◆ The task: Return the data that follows exactly. Include every line.

(Records excerpted from a collection)
····················
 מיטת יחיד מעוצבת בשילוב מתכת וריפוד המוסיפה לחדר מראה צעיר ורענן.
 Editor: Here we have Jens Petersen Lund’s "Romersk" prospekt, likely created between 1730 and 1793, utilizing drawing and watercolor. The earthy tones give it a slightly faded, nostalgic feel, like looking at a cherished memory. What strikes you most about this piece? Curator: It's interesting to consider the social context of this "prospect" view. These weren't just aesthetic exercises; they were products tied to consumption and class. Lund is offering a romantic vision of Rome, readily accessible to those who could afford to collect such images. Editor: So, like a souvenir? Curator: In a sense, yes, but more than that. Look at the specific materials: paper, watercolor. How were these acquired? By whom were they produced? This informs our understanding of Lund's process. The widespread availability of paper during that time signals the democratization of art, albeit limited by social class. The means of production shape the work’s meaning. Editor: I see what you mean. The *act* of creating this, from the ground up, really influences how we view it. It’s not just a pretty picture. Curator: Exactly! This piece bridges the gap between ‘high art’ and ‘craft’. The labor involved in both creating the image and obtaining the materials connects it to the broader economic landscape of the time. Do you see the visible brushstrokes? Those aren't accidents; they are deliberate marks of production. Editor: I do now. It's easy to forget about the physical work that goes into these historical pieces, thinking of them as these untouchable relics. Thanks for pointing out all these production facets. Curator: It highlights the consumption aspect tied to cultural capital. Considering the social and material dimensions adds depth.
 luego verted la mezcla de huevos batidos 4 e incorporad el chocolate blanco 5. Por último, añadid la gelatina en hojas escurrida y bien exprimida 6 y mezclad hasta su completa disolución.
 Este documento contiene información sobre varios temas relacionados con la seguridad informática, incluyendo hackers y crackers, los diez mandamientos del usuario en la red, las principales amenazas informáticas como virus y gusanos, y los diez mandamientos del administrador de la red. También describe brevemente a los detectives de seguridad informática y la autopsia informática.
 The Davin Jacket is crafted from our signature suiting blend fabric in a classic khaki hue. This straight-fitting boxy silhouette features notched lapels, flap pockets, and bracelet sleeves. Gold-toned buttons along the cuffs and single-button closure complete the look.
····················
◆ Task output:
 מיטת יחיד מעוצבת בשילוב מתכת וריפוד המוסיפה לחדר מראה צעיר ורענן.
 Editor: Here we have Jens Petersen Lund’s "Romersk" prospekt, likely created between 1730 and 1793, utilizing drawing and watercolor. The earthy tones give it a slightly faded, nostalgic feel, like looking at a cherished memory. What strikes you most about this piece? Curator: It's interesting to consider the social context of this "prospect" view. These weren't just aesthetic exercises; they were products tied to consumption and class. Lund is offering a romantic vision of Rome, readily accessible to those who could afford to collect such images. Editor: So, like a souvenir? Curator: In a sense, yes, but more than that. Look at the specific materials: paper, watercolor. How were these acquired? By whom were they produced? This informs our understanding of Lund's process. The widespread availability of paper during that time signals the democratization of art, albeit limited by social class. The means of production shape the work’s meaning. Editor: I see what you mean. The *act* of creating this, from the ground up, really influences how we view it. It’s not just a pretty picture. Curator: Exactly! This piece bridges the gap between ‘high art’ and ‘craft’. The labor involved in both creating the image and obtaining the materials connects it to the broader economic landscape of the time. Do you see the visible brushstrokes? Those aren't accidents; they are deliberate marks of production. Editor: I do now. It's easy to forget about the physical work that goes into these historical pieces, thinking of them as these untouchable relics. Thanks for pointing out all these production facets. Curator: It highlights the consumption aspect tied to cultural capital. Considering the social and material dimensions adds depth.
 luego verted la mezcla de huevos batidos 4 e incorporad el chocolate blanco 5. Por último, añadid la gelatina en hojas escurrida y bien exprimida 6 y mezclad hasta su completa disolución.
 Este documento contiene información sobre varios temas relacionados con la seguridad informática, incluyendo hackers y crackers, los diez mandamientos del usuario en la red, las principales amenazas informáticas como virus y gusanos, y los diez mandamientos del administrador de la red. También describe brevemente a los detectives de seguridad informática y la autopsia informática.
 The Davin Jacket is crafted from our signature suiting blend fabric in a classic khaki hue. This straight-fitting boxy silhouette features notched lapels, flap pockets, and bracelet sleeves. Gold-toned buttons along the cuffs and single-button closure complete the look.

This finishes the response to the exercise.